Assignment: Start at the top of the records and, please, print each line exactly through the line that contains "Thăm khám và", leaving out all pictures.

Recorded data:

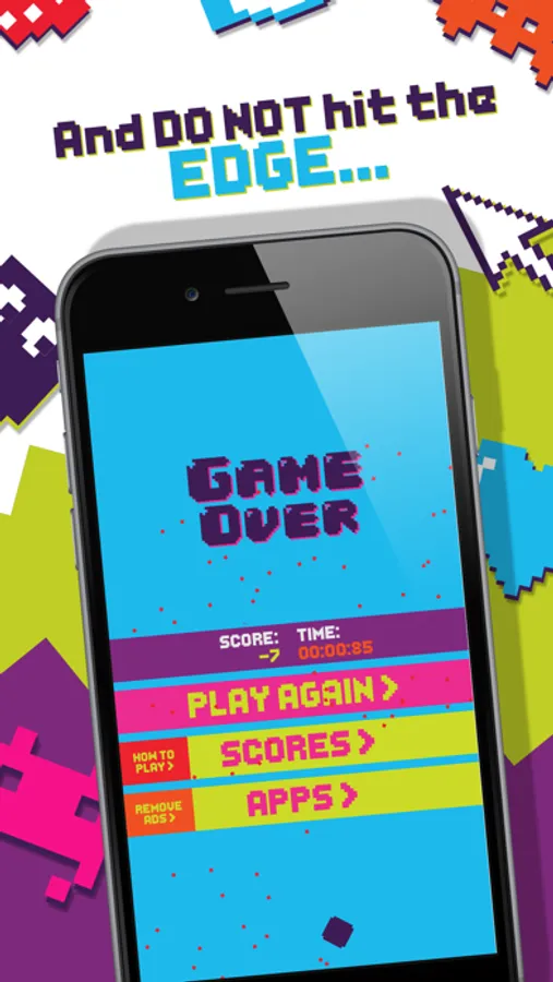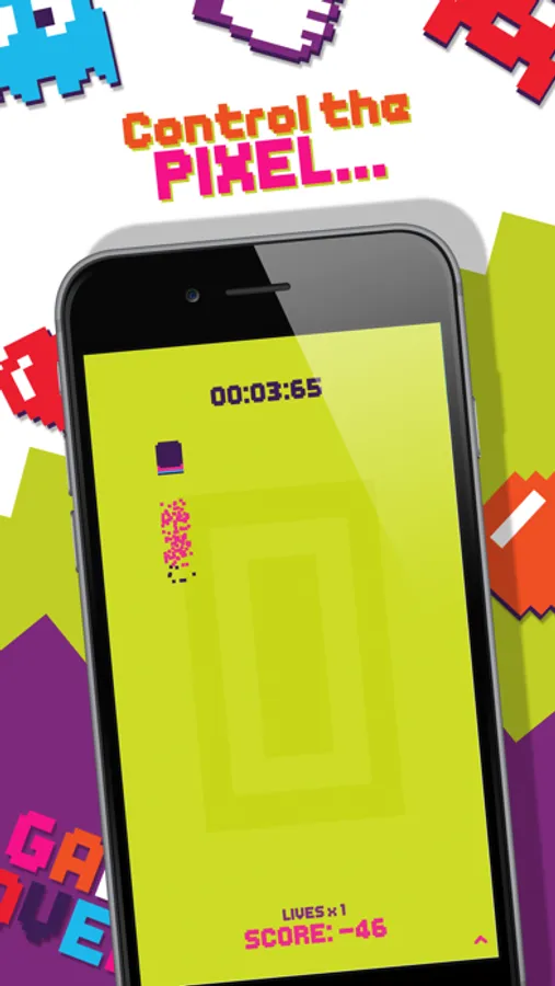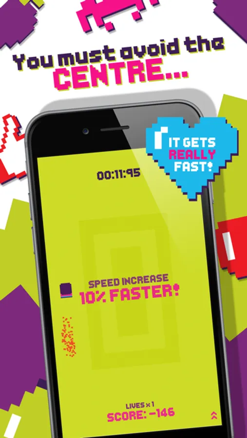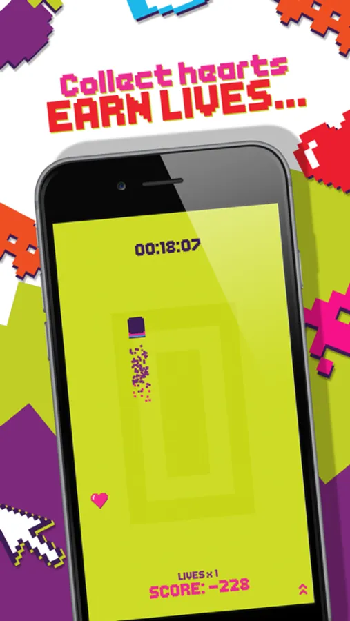 It's simple, tap to control the pixel on the screen, avoid the centre or you'll see your points deducted and speed decrease. Make sure you don't let the pixel hit the edge or it's game over! Collect as many hearts along the way, you'll be able to pass through the edge if you have more than 1 heart extending your gameplay! Beware your pixel 'dash' will gain speed every 10 seconds.
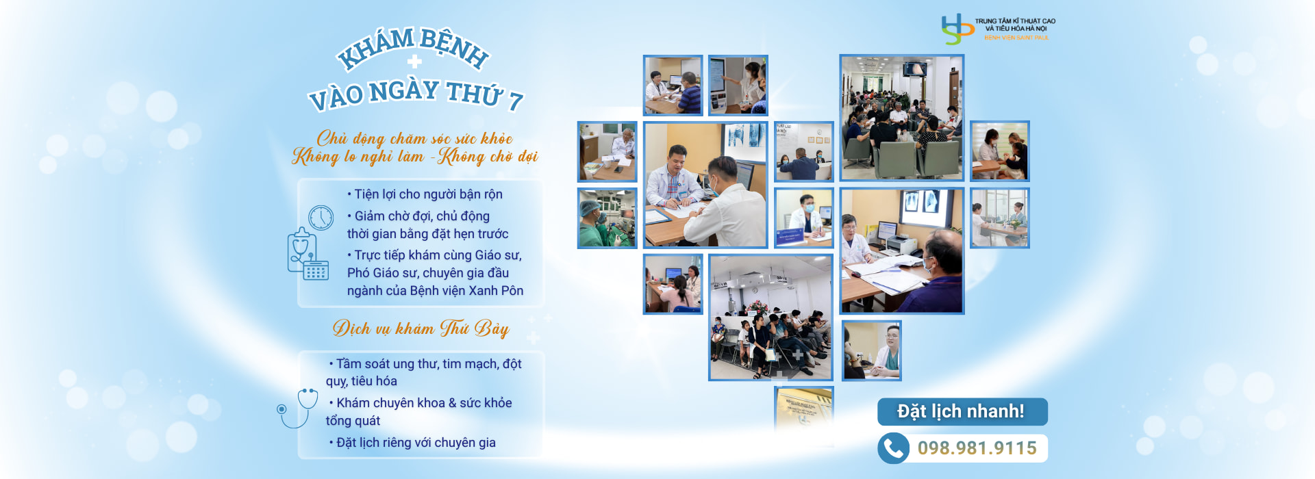 Thăm khám và điều trị tại Trung tâm Kỹ thuật cao và Tiêu hóa Hà Nội – Bệnh viện Đa khoa Xanh Pôn. Người bệnh sẽ được trải nghiệm các dịch vụ chăm sóc sức khỏe chất lượng cao, khám tầm soát ung thư sớm, chẩn đoán chính xác điều trị hiệu quả,… đạt tiêu chuẩn châu Âu và quốc tế. Dịch vụ y tế chuyên môn cao và y đức chuẩn mực của bệnh viện công giữa lòng Hà Nội. Chắc chắn quý vị sẽ hài lòng khi tới đây.
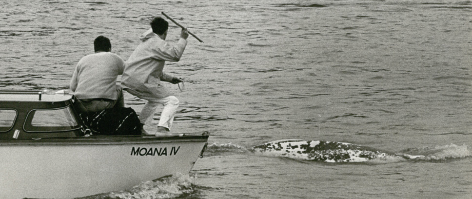 Zurück zum Beluga-Wal 1966: Aufgrund der bedrohlichen Umwelt bemühte sich der Zoodirektor Wolfgang Gewalt den Wal zu fangen und ihn in das Delfinarium des Duisburger Zoos zu überstellen. Aus Sicht der Medien nahm er die Rolle des Kapitäns Ahab aus dem Roman von Melville ein. Versuchte er anfangs mithilfe zusammengeknoteter Tennisnetze den Wal in die Enge zu treiben, wechselte er später zu Betäubungspfeilen, um ihn einzufangen.[20] Zumindest Letzteres war riskant: Wale sind Säugetiere, die zum Atmen an die Oberfläche kommen müssen. Ein betäubter Wal konnte daher ertrinken. Schlussendlich schlugen alle Versuche fehl und der Zoodirektor stellte die Jagd nach „Moby Dick“ am 10. Juni 1966 ein. Nicht nur aufgrund des mangelnden Jagderfolges, sondern auch weil die Öffentlichkeit seine Jagdmethoden ablehnte. Während manche*r besorgte*r Bürger*in einen Verstoß gegen den Tierschutz vermutete und Strafanzeige stellte, charterten Aktivist*innen ein Luftschiff, um den Zoodirektor mit geworfenen Orangen von seinem Fangversuchen abzuhalten.[21] Die Bild-Zeitung forderte gar: „Verhaftet Dr. Gewalt!“[22]
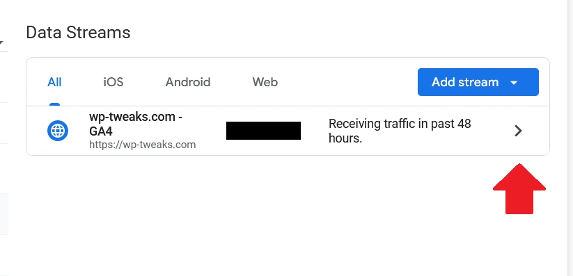 Next, you’ll get a list of data streams for your site. If you’re like most people, you have just one. Click to expand it:
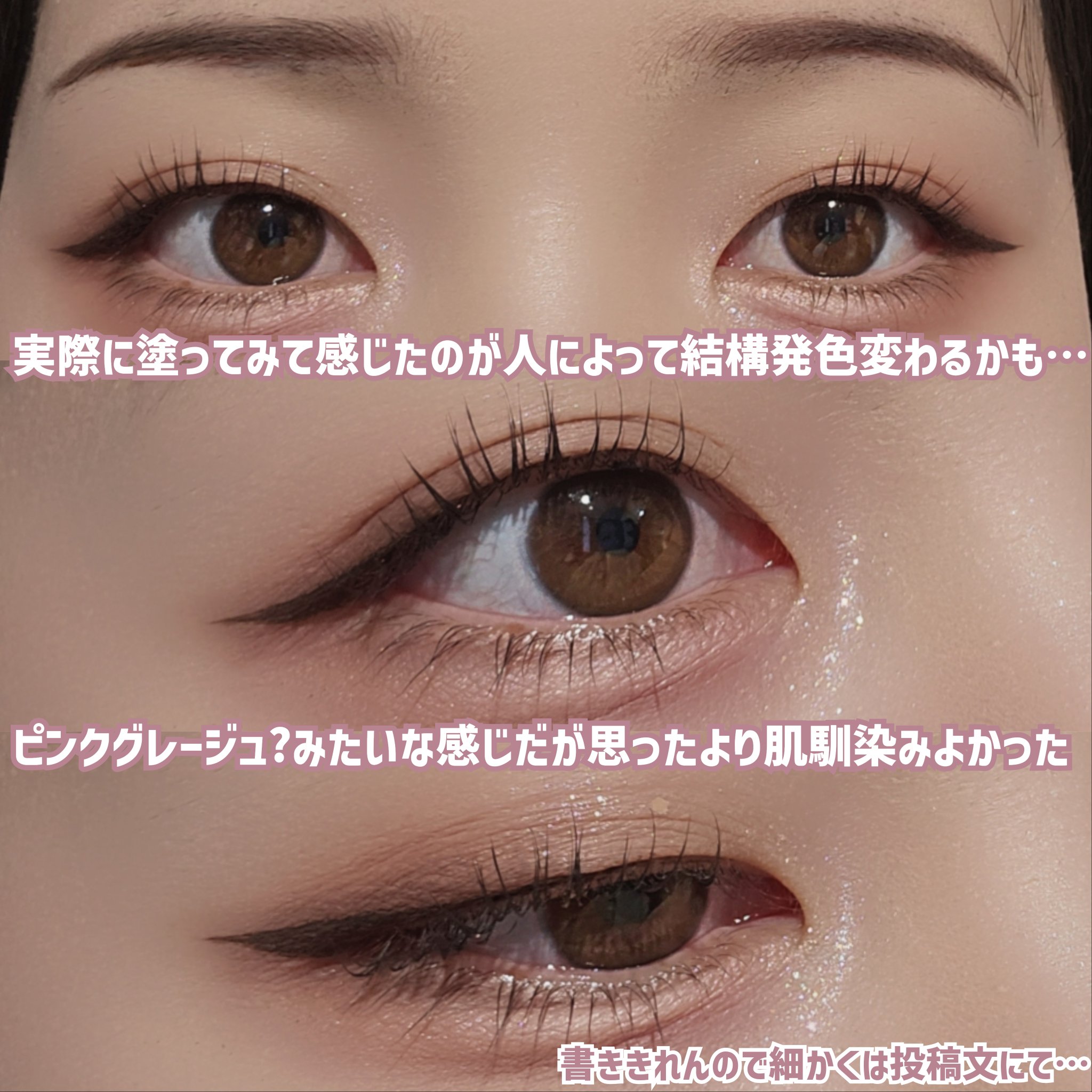 01シアーブラックを初めて使った時に感動し ヌードアイラッシュは基本的に売り切れてるので… 03のシアーグレーをGETしたのですが 太陽に透かすと03シアーグレーは やはり液が半透明のブラウンで 繊維は黒なので 色味に大きな差はなく ブラウンでも繊維が黒なので目力が死なないのも◎ カールキープもお湯落ちとは思えないくらい良い、 ダマにもならずスっとキレイなセパレートまつげが 簡単にできてとっっってもお勧めですわ…!
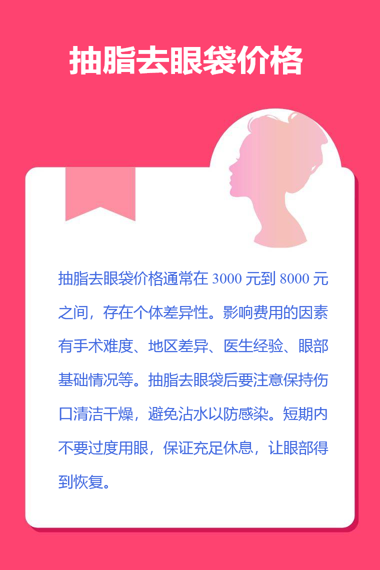 抽脂去眼袋价格通常在 3000 元到 8000 元之间,存在个体差异性。影响费用的因素有手术难度、地区差异、医生经验、眼部基础情况等。
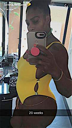 La Williams 24 ore prima aveva postato sul suo profilo Snapshot una foto in costume giallo con su la scritta “20 settimane“. Poi l’aveva tolta, ma qualche ripensamento dopo aveva confermato di essere in stato interessante di venti settimane. Appunto.
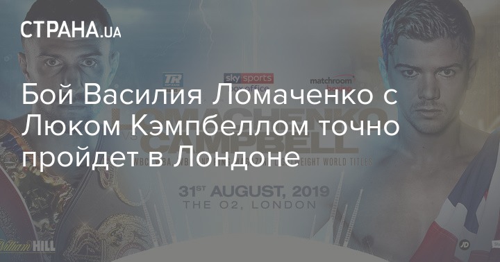 Чемпион мира по версиям WBO и WBA в легком весе Василий Ломаченко выйдет на ринг против британца Люком Кэмпбеллом 31 августа на арене O2 в Лондоне. Об этом официально сообщила промоутерская компания Matchroom Boxing, опубликовав анонс поединка.
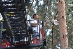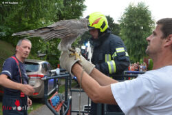 NEUFELD (BGLD): Die burgenländische Tierrettung rief am Samstagabend, 22. Juli 2017, die Feuerwehr der Stadt Neufeld/Leitha zu Hilfe, um auf dem Mobilheimplatz des Neufeldersees einen Habicht aus einer lebensgefährlichen Situation zu retten.

Solution:
 It's simple, tap to control the pixel on the screen, avoid the centre or you'll see your points deducted and speed decrease. Make sure you don't let the pixel hit the edge or it's game over! Collect as many hearts along the way, you'll be able to pass through the edge if you have more than 1 heart extending your gameplay! Beware your pixel 'dash' will gain speed every 10 seconds.
 Thăm khám và điều trị tại Trung tâm Kỹ thuật cao và Tiêu hóa Hà Nội – Bệnh viện Đa khoa Xanh Pôn. Người bệnh sẽ được trải nghiệm các dịch vụ chăm sóc sức khỏe chất lượng cao, khám tầm soát ung thư sớm, chẩn đoán chính xác điều trị hiệu quả,… đạt tiêu chuẩn châu Âu và quốc tế. Dịch vụ y tế chuyên môn cao và y đức chuẩn mực của bệnh viện công giữa lòng Hà Nội. Chắc chắn quý vị sẽ hài lòng khi tới đây.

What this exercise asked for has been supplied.